#### Given records:
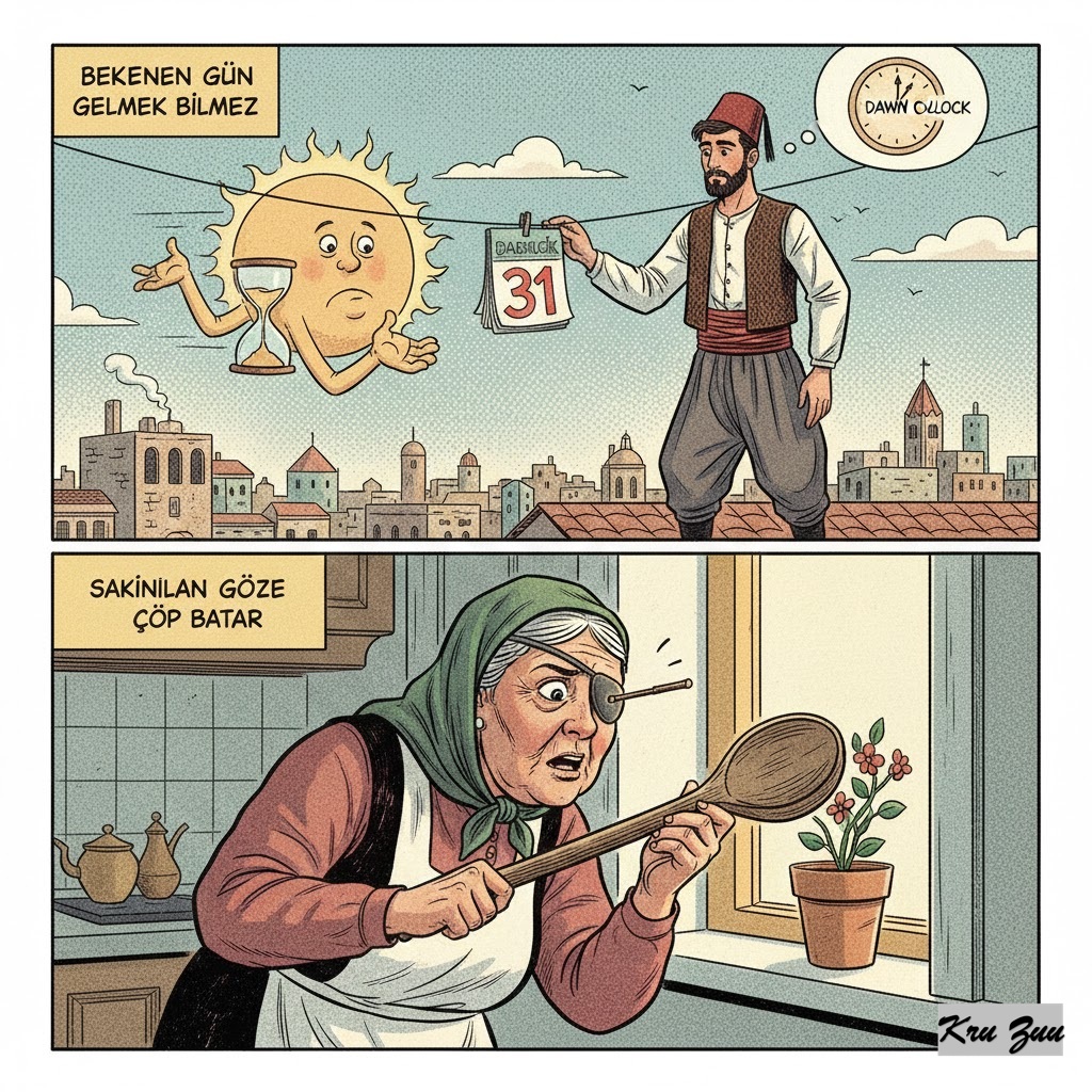 🇹🇷 Turkish:“Beklenen gün gelmek bilmez” (The awaited day does not know how to come) or “Sakınılan göze çöp batar” (A stick pokes the protected eye – focusing too much causes issues).
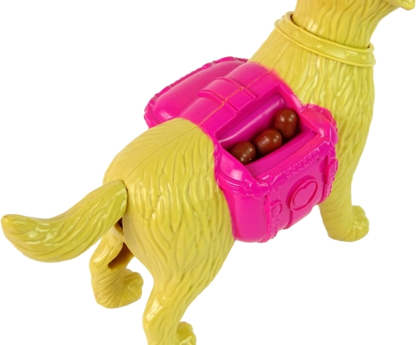 Cățelul galben are coadă, urechi și bot mobile. Datorită recipientului roz și bolului cu granule, poți hrăni cățelul iar și iar și îți poți dezvolta imaginația.
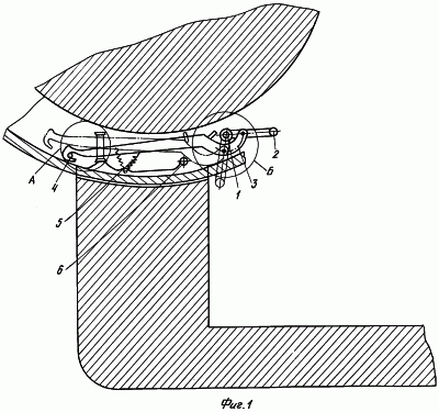 Пружина 5 при этом прижимает тело крюка к направляющей-ограничителю 7 и в конце движения к ролику-упору 6, поднимая головную часть крюка 3 над элементом ответной части замка 4, обеспечивая гарантийный зазор при открытии между головной частью крюка и элементом ответной части замка.
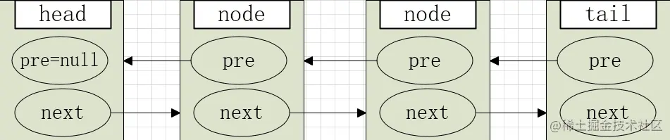 node.prev = pred;//把当前节点前任节点指向队尾节点
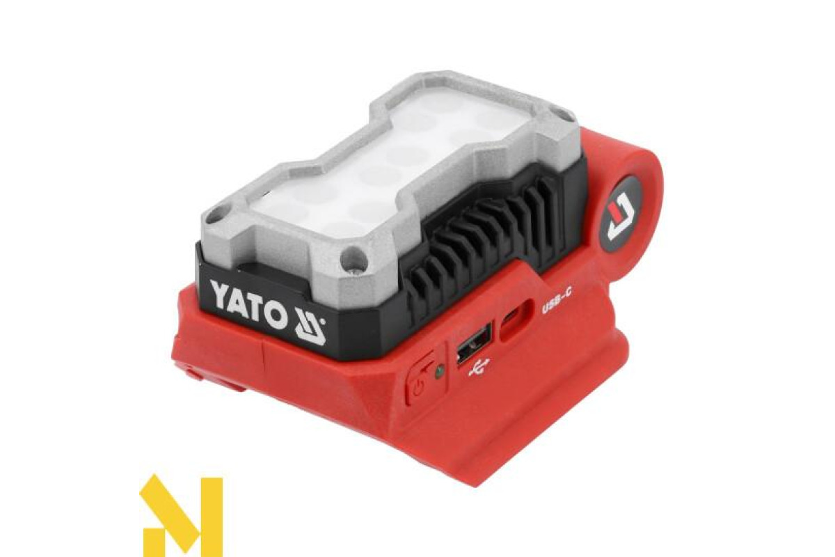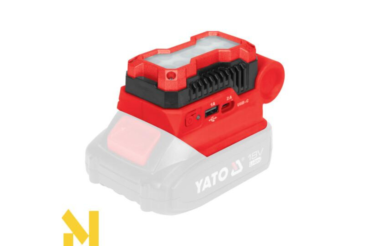 Функція зовнішнього зарядного пристрою з двома портами: порт USB Type-C (2 A), порт USB (1 A) та порт для заряджання акумулятора YATO від мережі (2 A, з круглим штекером 6,4 x 3,0 мм з контактним штекером)
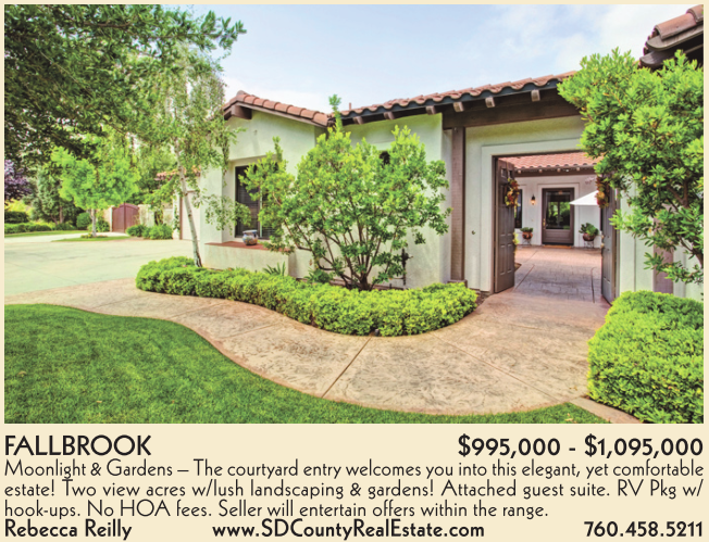 FALLBROOK $995,000 - $1,095,000 Moonlight & Gardens – The courtyard entry welcomes you into this elegant, yet comfortable estate! Two view acres w/lush landscaping & gardens! Attached guest suite. RV Pkg w/ hook-ups. No HOA fees. Seller will entertain offers within the range. Rebecca Reilly www.SDCountyRealEstate.com 760.458.5211
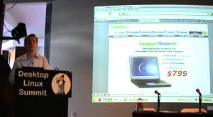 Now, here I am, writing from the floor of the Desktop Linux Summit in San Diego, where Michael Robertson, the founder and CEO of the Summit's local host company, Lindows, has done the same for a much smaller audience (several hundred vs. several thousand) but potentially a much larger market. At the top of his list of announcements is an item that drew a gasp from the audience: a 2.9 pound, $799 Linux laptop, the Lindows MobilePC.
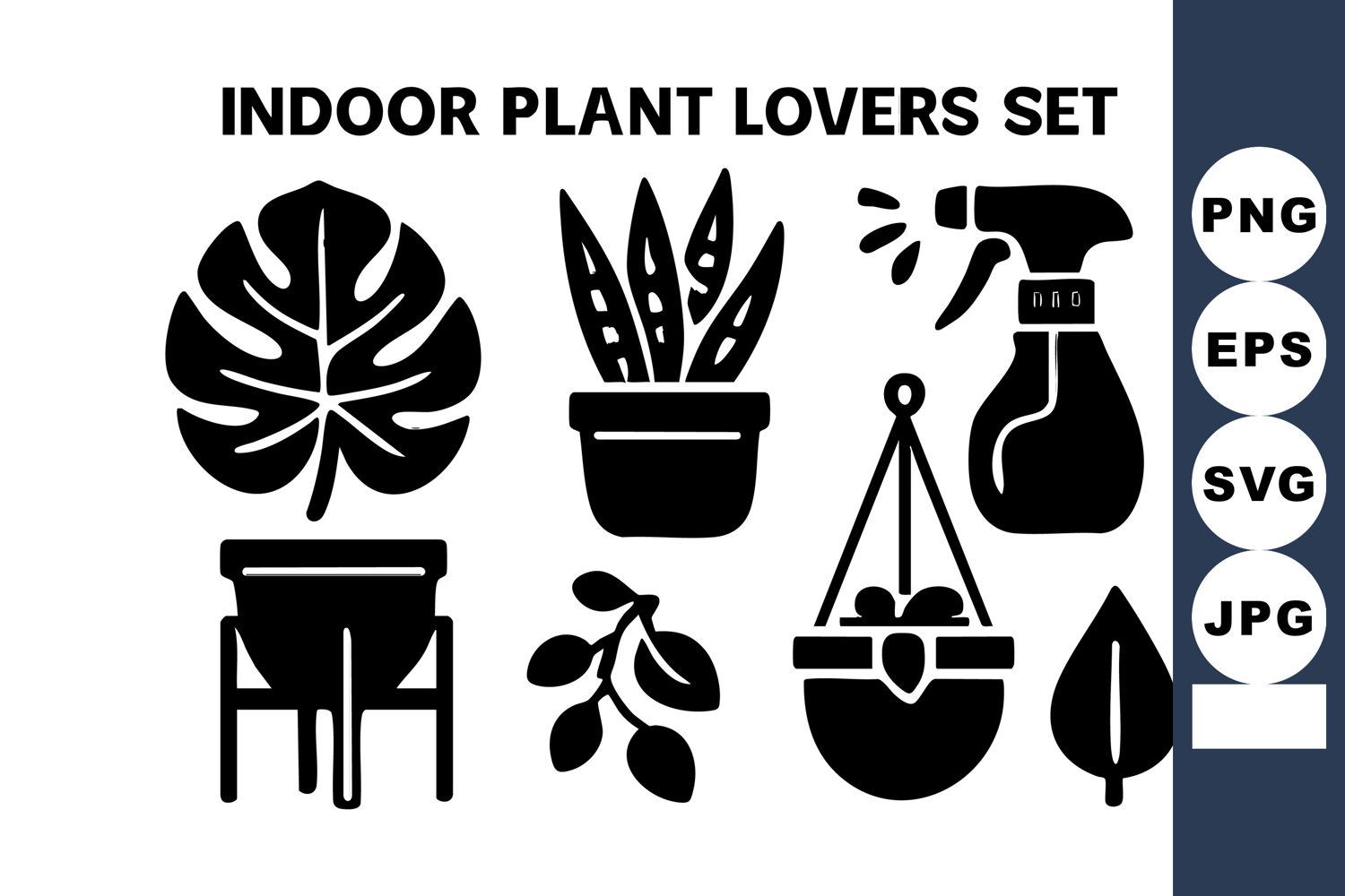 Indoor plant lovers with potted plants, leaf icons, and spr
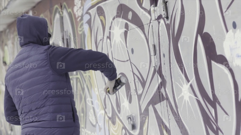 Мужчина-художник рисует и распыляет краску на стену, концепция уличного искусства. Действие. Боковой вид рук мужчины во время процесса создания граффити на бетонной стене
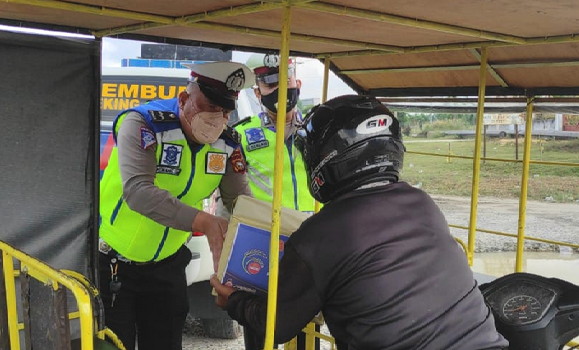 BNEWS - Satlantas Polres Rokan Hilir membagikan paket sembako kepada pedagang kaki lima, tukang becak dan beberapa warga yang terdampak Covid-19, di Jalan Lintas Bagan Batu KM 5, Kecamatan Bagan Sinembah, Sabtu (14/8/21) siang.
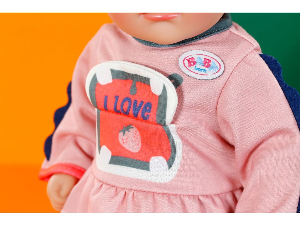 Vítejte v džungli! Hrošík na šatech dětem okamžitě zvedne náladu. Roztomilé detaily na rukávech spolu s modrými pruhovanými legínami perfektně doplňují celý outfit. A to není vše: Hrošík dokonce může otevřít pusu a má pro vás sladkou zprávu!
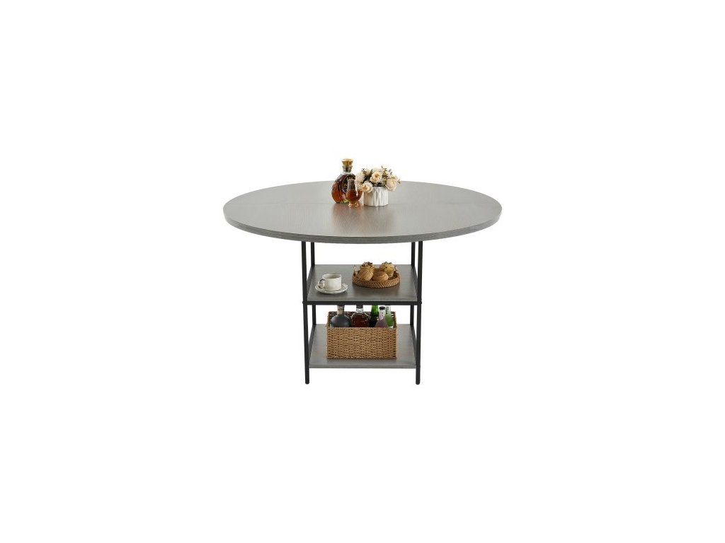 Kulatý jídelní stůl , dřevěný stůl 47 palců pro 4-6 osob, moderní kruhový jídelní nábytek, volnočasové stoly s úložnou policí a kovovými nohami, do domácí kuchyně, obývacího pokoje, šedý (pouze stůl)Estetický a praktický
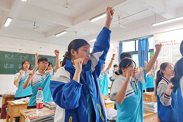 田家炳中學為新學期加油。江津融媒體中心供圖
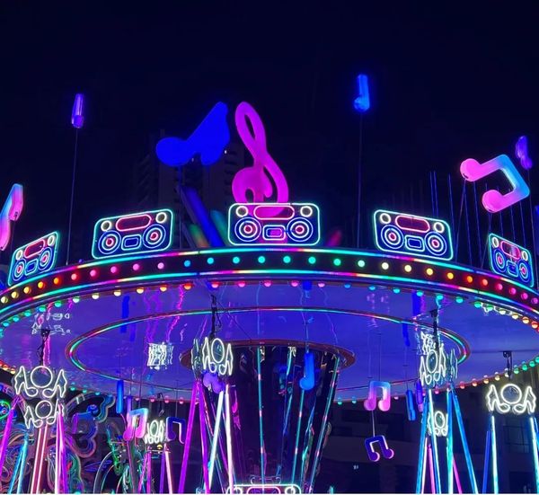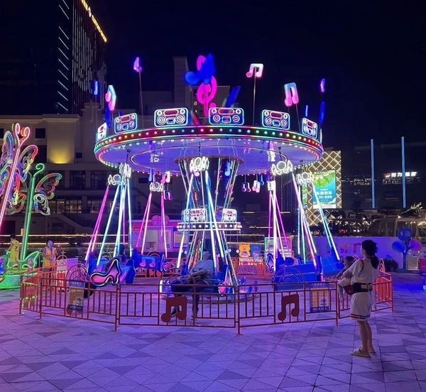 ④ 刺激好玩的网红飞椅 由于其独特的体验和美观的外观设计,音乐飞椅很快成为了网红打卡的热门项目。
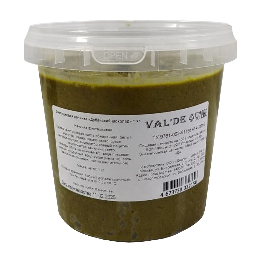 Фисташковая начинка Valde — идеальный выбор для создания уникальных вкусовых сочетаний в дубайском шоколаде. Благодаря универсальности, фисташковая паста для дубайского шоколада применяется не только в десертах, но и в премиальных конфетах и выпечке.
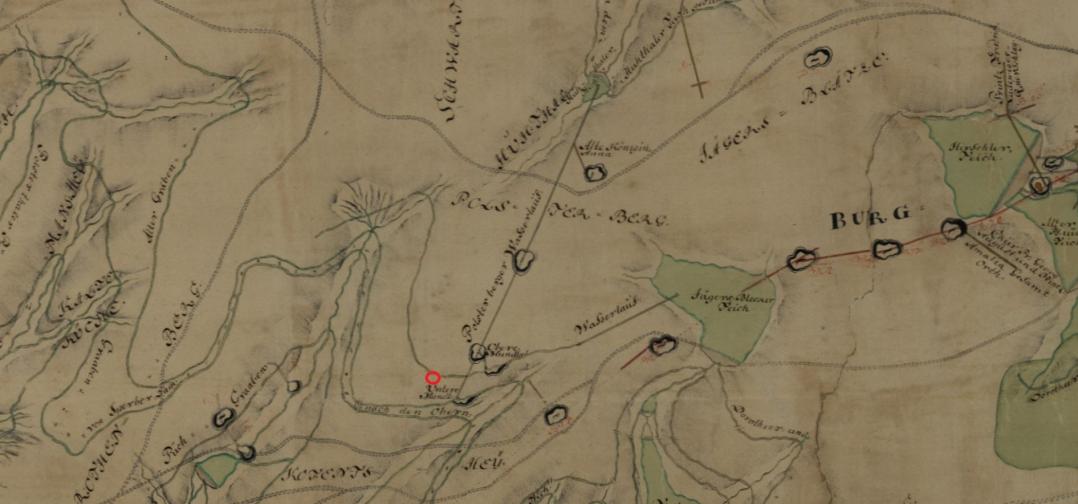 Quelle: Ausschnitt aus der Karte von Sandkuhl; HSTAH BaCl Rissarchiv Nr. 997.
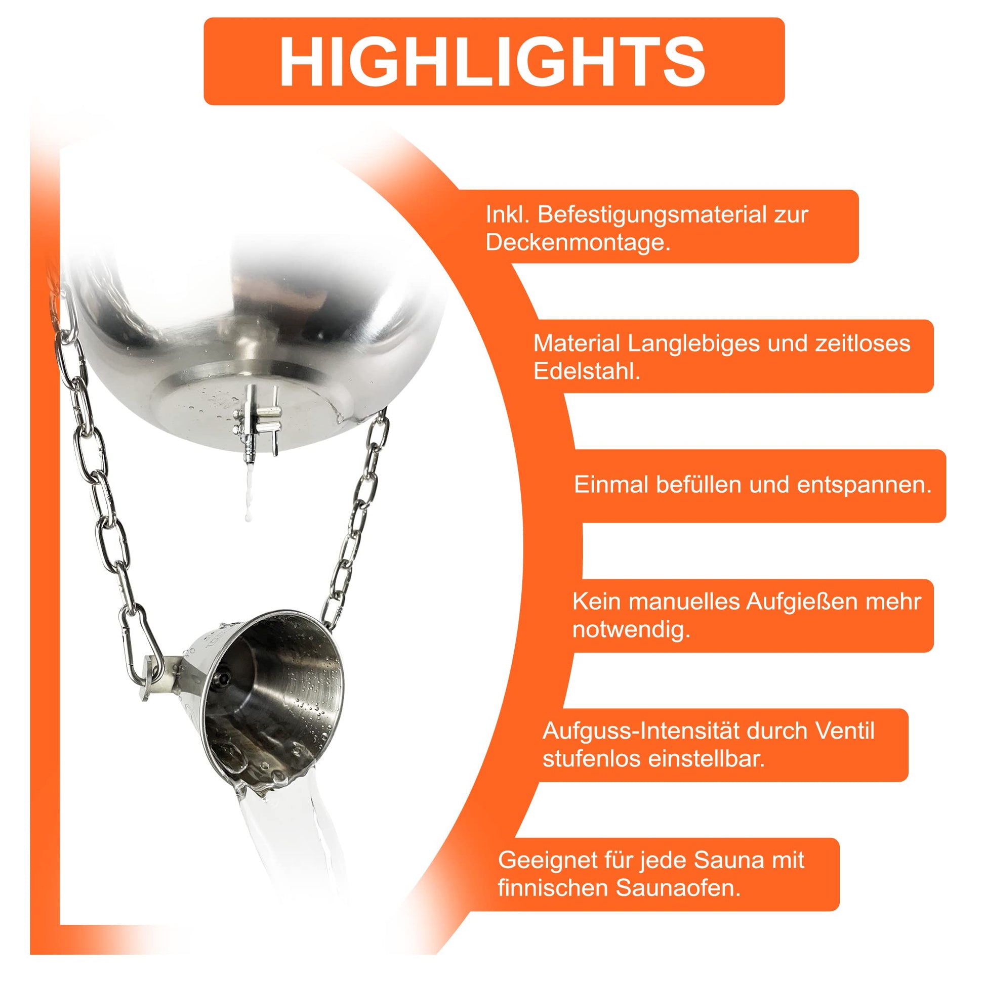 Original Steam Butler Home: Automatic infusion for the sauna made of stainless steel: Continuously adjustable intensity

#### The task:
If an entry holds an image, omit that image and print the remainder exactly as it stands.

#### Answer below:
 🇹🇷 Turkish:“Beklenen gün gelmek bilmez” (The awaited day does not know how to come) or “Sakınılan göze çöp batar” (A stick pokes the protected eye – focusing too much causes issues).
 Cățelul galben are coadă, urechi și bot mobile. Datorită recipientului roz și bolului cu granule, poți hrăni cățelul iar și iar și îți poți dezvolta imaginația.
 Пружина 5 при этом прижимает тело крюка к направляющей-ограничителю 7 и в конце движения к ролику-упору 6, поднимая головную часть крюка 3 над элементом ответной части замка 4, обеспечивая гарантийный зазор при открытии между головной частью крюка и элементом ответной части замка.
 node.prev = pred;//把当前节点前任节点指向队尾节点
 Функція зовнішнього зарядного пристрою з двома портами: порт USB Type-C (2 A), порт USB (1 A) та порт для заряджання акумулятора YATO від мережі (2 A, з круглим штекером 6,4 x 3,0 мм з контактним штекером)
 FALLBROOK $995,000 - $1,095,000 Moonlight & Gardens – The courtyard entry welcomes you into this elegant, yet comfortable estate! Two view acres w/lush landscaping & gardens! Attached guest suite. RV Pkg w/ hook-ups. No HOA fees. Seller will entertain offers within the range. Rebecca Reilly www.SDCountyRealEstate.com 760.458.5211
 Now, here I am, writing from the floor of the Desktop Linux Summit in San Diego, where Michael Robertson, the founder and CEO of the Summit's local host company, Lindows, has done the same for a much smaller audience (several hundred vs. several thousand) but potentially a much larger market. At the top of his list of announcements is an item that drew a gasp from the audience: a 2.9 pound, $799 Linux laptop, the Lindows MobilePC.
 Indoor plant lovers with potted plants, leaf icons, and spr
 Мужчина-художник рисует и распыляет краску на стену, концепция уличного искусства. Действие. Боковой вид рук мужчины во время процесса создания граффити на бетонной стене
 BNEWS - Satlantas Polres Rokan Hilir membagikan paket sembako kepada pedagang kaki lima, tukang becak dan beberapa warga yang terdampak Covid-19, di Jalan Lintas Bagan Batu KM 5, Kecamatan Bagan Sinembah, Sabtu (14/8/21) siang.
 Vítejte v džungli! Hrošík na šatech dětem okamžitě zvedne náladu. Roztomilé detaily na rukávech spolu s modrými pruhovanými legínami perfektně doplňují celý outfit. A to není vše: Hrošík dokonce může otevřít pusu a má pro vás sladkou zprávu!
 Kulatý jídelní stůl , dřevěný stůl 47 palců pro 4-6 osob, moderní kruhový jídelní nábytek, volnočasové stoly s úložnou policí a kovovými nohami, do domácí kuchyně, obývacího pokoje, šedý (pouze stůl)Estetický a praktický
 田家炳中學為新學期加油。江津融媒體中心供圖
 ④ 刺激好玩的网红飞椅 由于其独特的体验和美观的外观设计,音乐飞椅很快成为了网红打卡的热门项目。
 Фисташковая начинка Valde — идеальный выбор для создания уникальных вкусовых сочетаний в дубайском шоколаде. Благодаря универсальности, фисташковая паста для дубайского шоколада применяется не только в десертах, но и в премиальных конфетах и выпечке.
 Quelle: Ausschnitt aus der Karte von Sandkuhl; HSTAH BaCl Rissarchiv Nr. 997.
 Original Steam Butler Home: Automatic infusion for the sauna made of stainless steel: Continuously adjustable intensity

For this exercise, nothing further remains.